== WHAT TO DO ==
Make an exact copy of all the entries below, with the pictures left out.
______
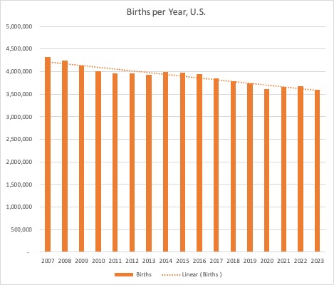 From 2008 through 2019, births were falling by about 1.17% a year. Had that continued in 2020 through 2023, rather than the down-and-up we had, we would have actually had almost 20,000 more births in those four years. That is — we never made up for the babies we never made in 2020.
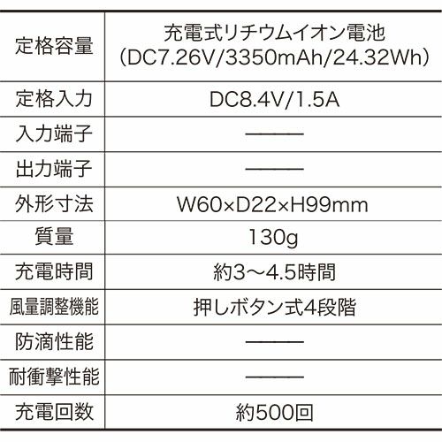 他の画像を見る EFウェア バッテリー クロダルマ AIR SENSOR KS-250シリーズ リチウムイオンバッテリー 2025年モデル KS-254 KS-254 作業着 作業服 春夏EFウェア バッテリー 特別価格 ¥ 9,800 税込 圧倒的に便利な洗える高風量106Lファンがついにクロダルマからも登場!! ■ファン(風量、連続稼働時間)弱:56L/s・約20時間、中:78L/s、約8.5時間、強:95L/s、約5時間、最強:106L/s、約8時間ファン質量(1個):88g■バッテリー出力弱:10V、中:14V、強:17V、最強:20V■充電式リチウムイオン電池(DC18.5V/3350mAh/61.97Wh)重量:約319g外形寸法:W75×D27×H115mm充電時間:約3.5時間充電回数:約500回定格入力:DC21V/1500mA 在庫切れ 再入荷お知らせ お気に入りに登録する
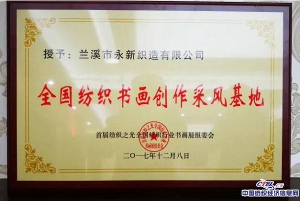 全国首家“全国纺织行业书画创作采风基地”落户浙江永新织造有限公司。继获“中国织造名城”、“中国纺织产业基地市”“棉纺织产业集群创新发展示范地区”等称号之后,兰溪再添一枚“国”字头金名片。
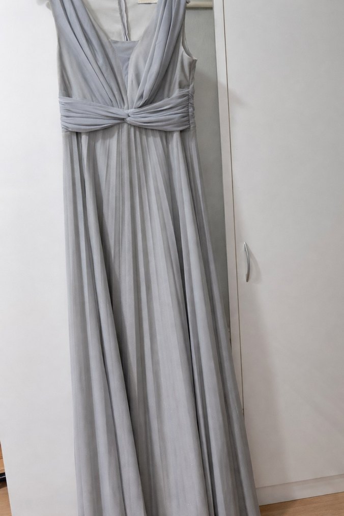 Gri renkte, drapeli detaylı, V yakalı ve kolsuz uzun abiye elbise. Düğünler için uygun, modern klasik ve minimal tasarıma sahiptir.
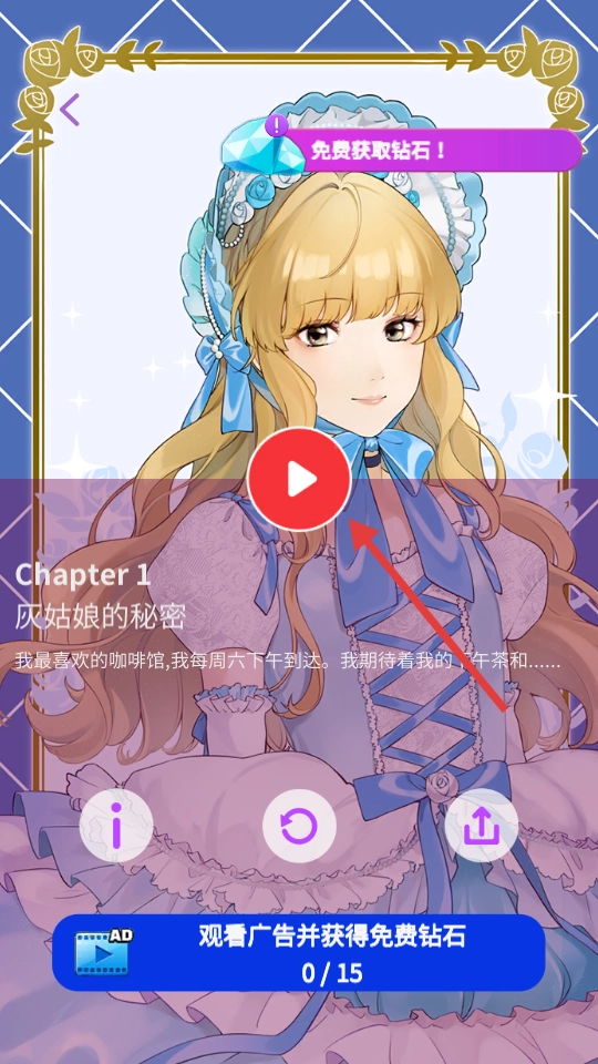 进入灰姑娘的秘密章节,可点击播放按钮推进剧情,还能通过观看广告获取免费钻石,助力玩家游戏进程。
______
== WRITTEN SOLUTION ==
 From 2008 through 2019, births were falling by about 1.17% a year. Had that continued in 2020 through 2023, rather than the down-and-up we had, we would have actually had almost 20,000 more births in those four years. That is — we never made up for the babies we never made in 2020.
 他の画像を見る EFウェア バッテリー クロダルマ AIR SENSOR KS-250シリーズ リチウムイオンバッテリー 2025年モデル KS-254 KS-254 作業着 作業服 春夏EFウェア バッテリー 特別価格 ¥ 9,800 税込 圧倒的に便利な洗える高風量106Lファンがついにクロダルマからも登場!! ■ファン(風量、連続稼働時間)弱:56L/s・約20時間、中:78L/s、約8.5時間、強:95L/s、約5時間、最強:106L/s、約8時間ファン質量(1個):88g■バッテリー出力弱:10V、中:14V、強:17V、最強:20V■充電式リチウムイオン電池(DC18.5V/3350mAh/61.97Wh)重量:約319g外形寸法:W75×D27×H115mm充電時間:約3.5時間充電回数:約500回定格入力:DC21V/1500mA 在庫切れ 再入荷お知らせ お気に入りに登録する
 全国首家“全国纺织行业书画创作采风基地”落户浙江永新织造有限公司。继获“中国织造名城”、“中国纺织产业基地市”“棉纺织产业集群创新发展示范地区”等称号之后,兰溪再添一枚“国”字头金名片。
 Gri renkte, drapeli detaylı, V yakalı ve kolsuz uzun abiye elbise. Düğünler için uygun, modern klasik ve minimal tasarıma sahiptir.
 进入灰姑娘的秘密章节,可点击播放按钮推进剧情,还能通过观看广告获取免费钻石,助力玩家游戏进程。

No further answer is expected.